ERIC Number: EJ1485852
Record Type: Journal
Publication Date: 2024-Jan
Pages: 36
Abstractor: As Provided
ISBN: N/A
ISSN: ISSN-0305-0009
EISSN: EISSN-1469-7602
Available Date: 0000-00-00
Context-Dependent Learning of Linguistic Disjunction
Masoud Jasbi1; Akshay Jaggi2; Eve V. Clark3; Michael C. Frank3
Journal of Child Language, v51 n1 p1-36 2024
What are the constraints, cues, and mechanisms that help learners create successful word-meaning mappings? This study takes up linguistic disjunction and looks at cues and mechanisms that can help children learn the meaning of "or." We first used a large corpus of parent-child interactions to collect statistics on "or" uses.
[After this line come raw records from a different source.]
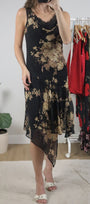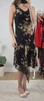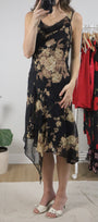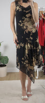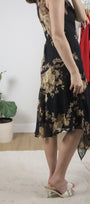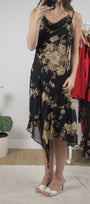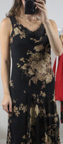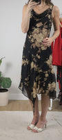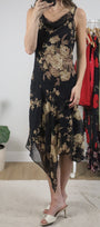 Vintage x Beaded Cowl Neck Lace Trim Midi Dress (S)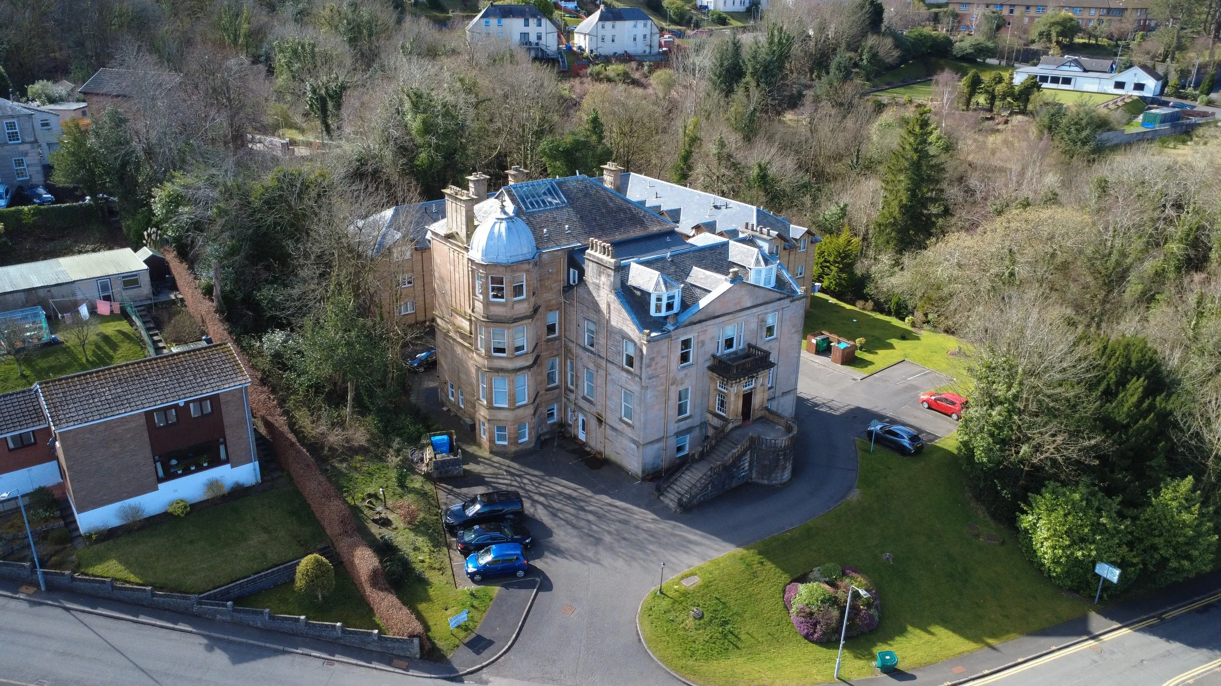 Originally built in the early 19th century, this French-inspired two-storey mansion and basement was converted into apartments in the early 2000s, with its elevated position providing breathtaking views over Port Glasgow town centre and the River Clyde.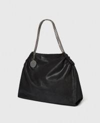 Item 7B0141W91321000U New for Spring 2025, the Falabella drawstring tote bag provides a fresh take on our iconic Falabella. A signature diamond-cut recycled brass and aluminium chain serves as a shoulder strap, with enough room for a laptop and more. Fully lined with monogrammed recycled fabric, wear the vegan Baby Bella over your shoulder for a classic day-to-night look. - Color: Black - Comfortably fits all tablets and laptops alongside daily essentials - Matte vegan Shaggy Deer fabric with semi-gloss grain - Signature gold recycled brass and aluminum diamond-cut chain - Waxed GOTS-certified organic cotton lacing - Two top handles - One main compartment - One internal zipper pocket - Magnetic snap fastening - Engraved gold logo medallion charm - Recycled polyester monogram lining - Handcrafted in Italy Product Care & Fit Advice Care: Spot clean only with soft damp cloth. Composition: 100% Polyester - Fit: Comfortably fits all tablets and laptops alongside daily essentials. - Size: 18.3 x 14.9 x 6.6 in - Handle drop: 8.6 in - Weighs approximately 34.9 oz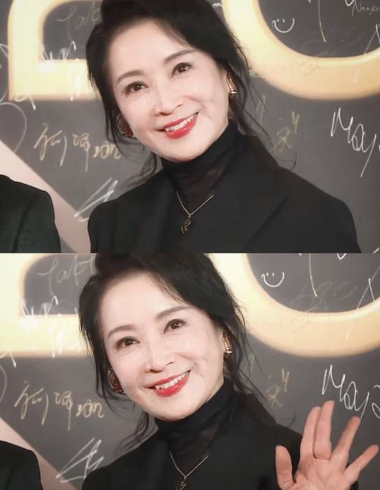 已经62岁的龚慈恩黑色大衣搭配黑色长裙,裹得相当严实,但是从她的脸上丝毫看不出疲惫感,经历岁月打磨后沉淀的气质更加惊艳。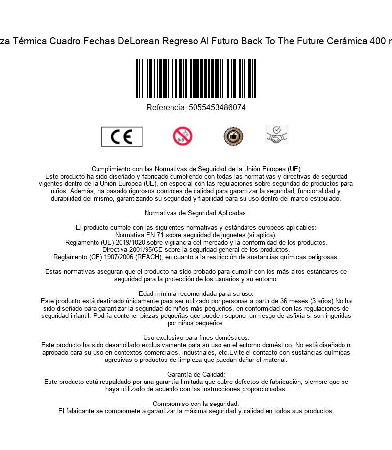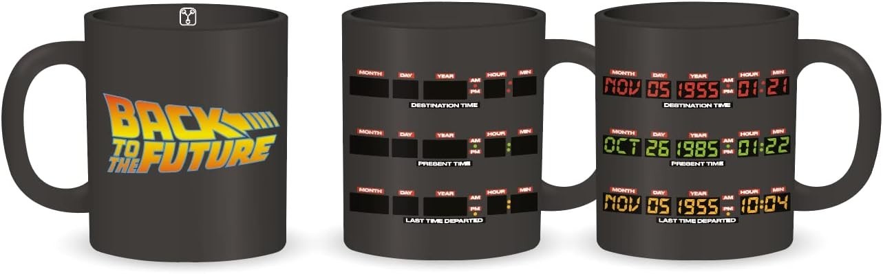 Esta taza de "Regreso al Futuro" es una pieza de coleccionista verdaderamente única y fascinante que seguramente impresionará a los amantes de la icónica película. Con una capacidad de 400 mls, esta taza de cerámica tiene una apariencia inicial que rinde homenaje al cuadro de fechas del DeLorean. Pero lo que hace que esta taza sea especial es su capacidad para cambiar de aspecto con el calor. Cuando viertes una bebida caliente en ella, como café o té, la imagen del cuadro de fechas en la superficie de la taza comienza a transformarse mágicamente. La fecha que Doc y Marty visitaron en la primera película de la saga se hace visible en distintos colores. ¡Es como si estuvieras presenciando la propia activación de la máquina del tiempo cada vez que disfrutas de tu bebida caliente! Está hecha de cerámica y ha sido creada por Half Moon Bay con licencia oficial de Universal y Amblin. No es apta para lavavajillas ni para microondas.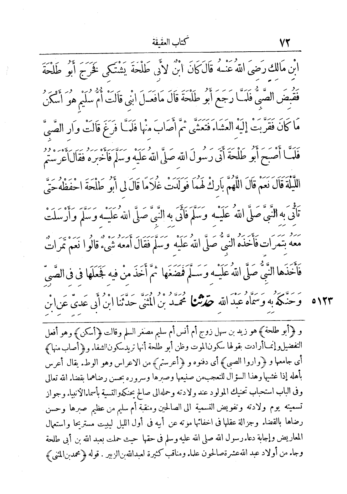 ابْنِ مَالِكٍ - رضى الله عنه - قَالَ كَانَ ابْنٌ لأَبِى طَلْحَةَ يَشْتَكِى، فَخَرَجَ أَبُو طَلْحَةَ، فَقُبِضَ الصَّبِىُّ فَلَمَّا رَجَعَ أَبُو طَلْحَةَ قَالَ مَا فَعَلَ ابْنِى قَالَتْ أُمُّ سُلَيْمٍ هُوَ أَسْكَنُ مَا كَانَ. فَقَرَّبَتْ إِلَيْهِ الْعَشَاءَ فَتَعَشَّى، ثُمَّ أَصَابَ مِنْهَا، فَلَمَّا فَرَغَ قَالَتْ وَارِ الصَّبِىَّ. فَلَمَّا أَصْبَحَ أَبُو طَلْحَةَ أَتَى رَسُولَ اللَّهِ - صلى الله عليه وسلم - فَأَخْبَرَهُ فَقَالَ «أَعْرَسْتُمُ اللَّيْلَةَ». قَالَ نَعَمْ. قَالَ «اللَّهُمَّ بَارِكْ لَهُمَا». فَوَلَدَتْ غُلاَماً قَالَ لِى أَبُو طَلْحَةَ احْفَظْهُ حَتَّى تَاتِىَ بِهِ النَّبِىَّ - صلى الله عليه وسلم - فَأَتَى بِهِ النَّبِىَّ - صلى الله عليه وسلم - وَأَرْسَلَتْ مَعَهُ بِتَمَرَاتٍ، فَأَخَذَهُ النَّبِىُّ - صلى الله عليه وسلم - فَقَالَ «أَمَعَهُ شَىْءٌ». قَالُوا نَعَمْ تَمَرَاتٌ. فَأَخَذَهَا النَّبِىُّ - صلى الله عليه وسلم - فَمَضَغَهَا، ثُمَّ أَخَذَ مِنْ فِيهِ فَجَعَلَهَا فِى فِى الصَّبِىِّ، وَحَنَّكَهُ بِهِ، وَسَمَّاهُ عَبْدَ اللَّهِ.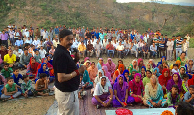 Former Minister and MLA Udhampur Pawan Gupta addressing gathering at village Seen on Wednesday.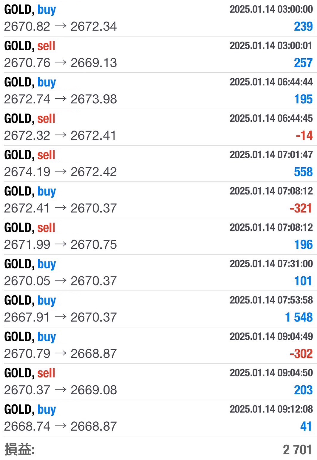 2025-01-14(GOLD) トレード結果 Twitter Facebook はてブ Pocket LINE コピー 2025.01.14 本日あまり相場が動かなった、10時~17時設定だっあのですがポジションが少し残っていたところ、 急な予定が入り画面が見れないところ、少数ポジションだったので一括決済ボタンで利益確定 +2,701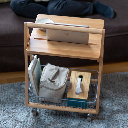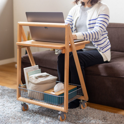 ●ソファ前でのちょっとしたパソコン作業や書き物などに使いやすいテーブルワゴン。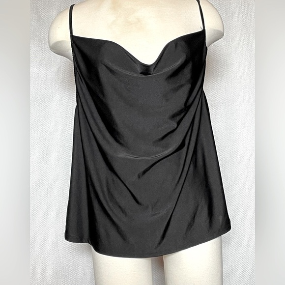 Black. Top section of front is double fabric. Self tie in back is adjustable for perfect fit. Great alone or under jacket or cardigan!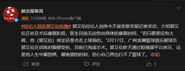2025-02-19 19:47:47經(jīng)紀(jì)人回應(yīng)郭艾倫傷勢:正處康復(fù)階段 醫(yī)生無法給出具體康復(fù)時(shí)間

Children started producing "or" between 18-30 months and by 42 months, their rate of production reached a plateau. Second, we annotated for the interpretation of disjunction in child-directed speech. Parents used "or" mostly as exclusive disjunction, typically accompanied by rise-fall intonation and logically inconsistent disjuncts. But when these two cues were absent, disjunction was generally not exclusive. Our computational modeling suggests that an ideal learner could successfully interpret an English disjunction (as exclusive or not) by mapping forms to meanings after partitioning the input according to the intonational and logical cues available in child-directed speech.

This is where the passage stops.